ATLANTIC Simon Winchester (Harper Press, £25)
If he had lived in the 18th century, Winchester could have been a buccaneer, wielding his literary sword with poetic licence. The pirate in him, quaint and quirky and delving into the most unlikely hollows of nature — sometimes centred on disaster as in his excellent volcanic Krakatoa — is evident in this study of the Atlantic, in which he uncovers a whole host of vicissitudes with which we may be familiar but to which Winchester adds his foraging touch.

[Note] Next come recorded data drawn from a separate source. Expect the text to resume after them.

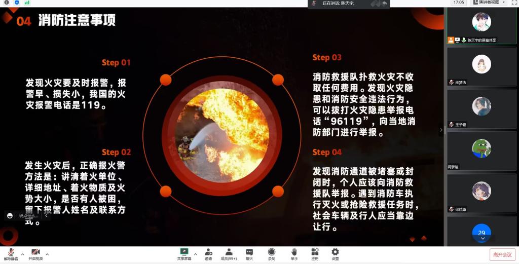 消防观影在线上进行,活动负责人首先讲解消防宣传PPT,向大家讲解了基本的消防知识,包括火灾发生的原因、怎样预防火灾、灭火器的正确使用以及如何正确报警等内容。随后开始观看消防影片《烈火英雄》, 电影源于“大连7·16大火”真实事件改编,电影中消防员们应招而战,誓死如归,以生命维护国家及人民财产安全,英雄事迹让同学们对消防安全有了更深刻的认识。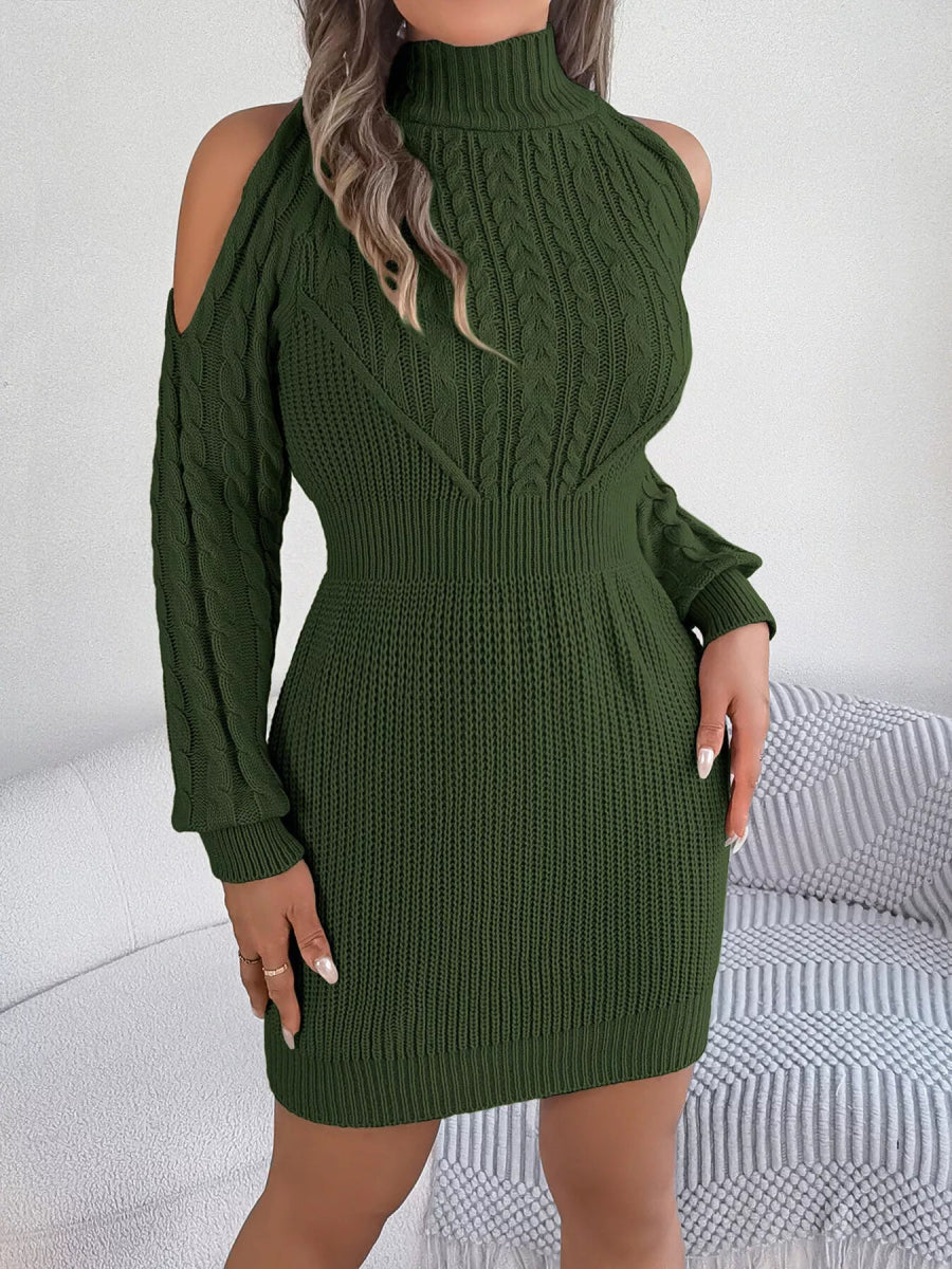Make a statement this season with our Cold Shoulder Cable Knit Turtleneck Sweater Dress. This standout piece blends cozy comfort with modern edge, featuring a chunky cable knit texture, a warm turtleneck, and flirty cold shoulder cutouts.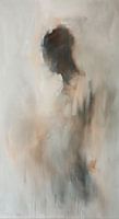 Vervaagd olieverfschilderij van een vrouw in verwachting van haar kindje. Aardse zachte tinten, vervaagd. Vol verwondering. Modern Abstract. Artist: Bianca ter Riet

Enlightened by the geography — the “pond” was shaped 190 million years ago — we are in for a rollicking voyage of the many events that have made the ocean both a lifeline through trade and infamous through slavery. Cape Coast Castle, with its “door of no return”, which was visited by a President Obama a year or so ago, is highlighted by a famous trial there which saw 54 pirates hanged from the cannons on the castle walls while African captives rescued from their slave ships by a British patrol were actually entombed in the notorious dungeons and then sent across the sea again in chains to labour in the Americas.

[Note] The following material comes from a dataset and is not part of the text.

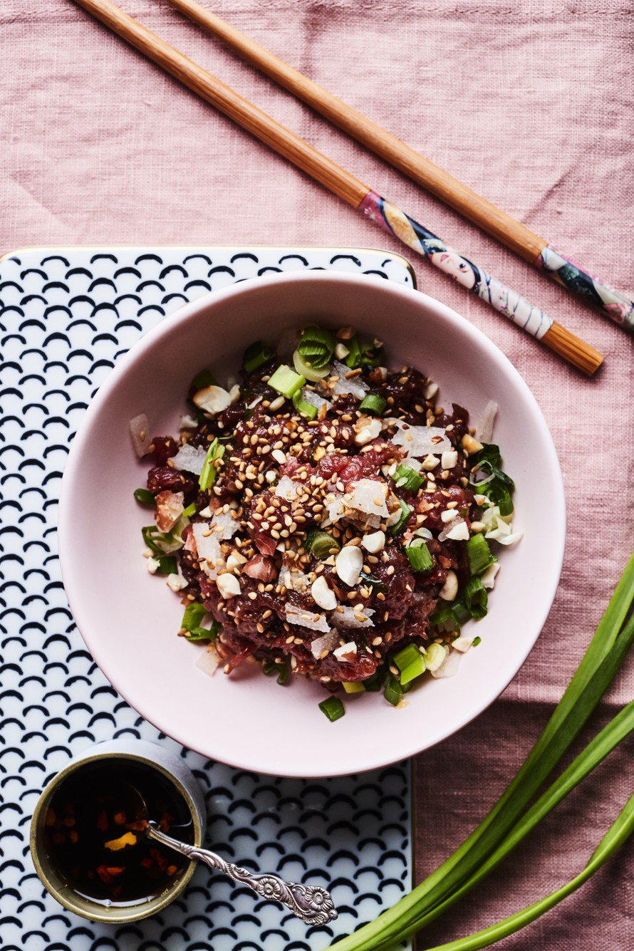 Seesamiöljyä, maapähkinöitä, valkosipulia ja chiliä. Korealaiset maut antavat tartarille ihan uuden ulottuvuuden.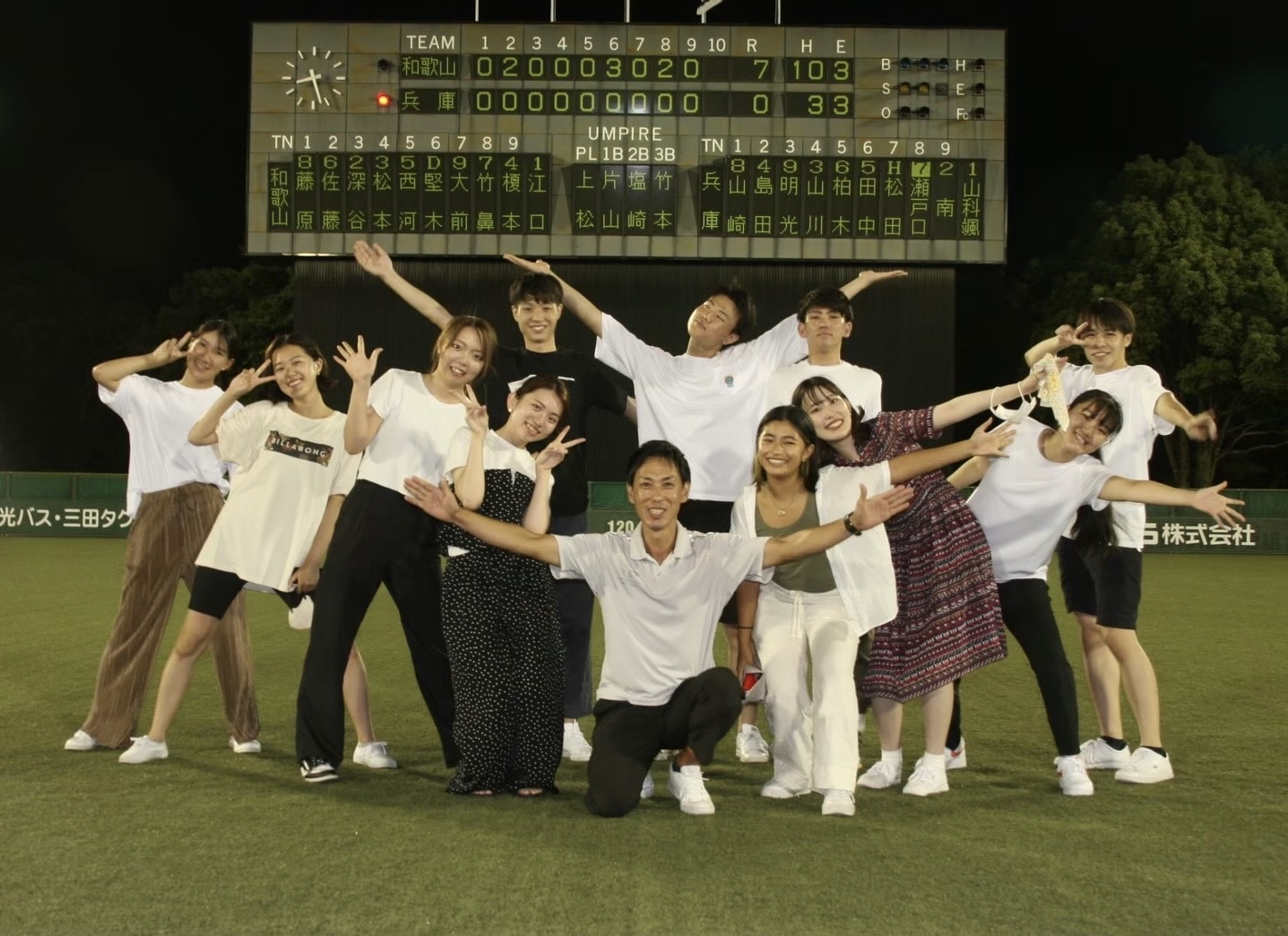 大学3年生では、もっと多くの大学が参加する大会を開こうと仲間と企画を立て、西日本の30近くの大学を回って勧誘。遠征費がかさむので簡単には承諾してもらえませんでしたが、熱意を持って根気強く思いを伝え、結果、3年生の春休みに神戸で14大学が参加する大会を開催することができました。学生だけの運営は、対外的な交渉をはじめ慣れないことが多くて大変でしたが、大会のパンフレットを作成して思いをしっかり伝えることで信頼を得るとともに、兵庫ブレイバーズのイベントで球団や農家の方など学外の人たちとコミュニケーションを取ったゼミでの経験を生かして乗り越えることができ、自身の成長にもつながりました。徳島大学のメンバーからも「初めて全国のレベルを体感でき、チームの課題が明確になった」と言われ、部の強化に貢献できたことに達成感を感じました。大学時代のいい思い出です。

Of course, as Britannia rules the waves, we learn a lot about galleons and seamen like Nelson, who gave the nation unprecedented supremacy in colonial times, and the submarine battles of the Second World War (stressing the sinking of the Lusitania). But at the same time we discover more about the earlier exploration of America — almost certainly the first crossing was made by the Viking Leif Eriksson, some 500 years before Columbus’s great adventure. Winchester regales us with his personal journey as well, from the time he took a romantic trip across the Atlantic aboard one of the three White Empresses. Travelling with him is a delight, as he continues to act as a beacon shining on a saga of war, exploration, industry and settlement.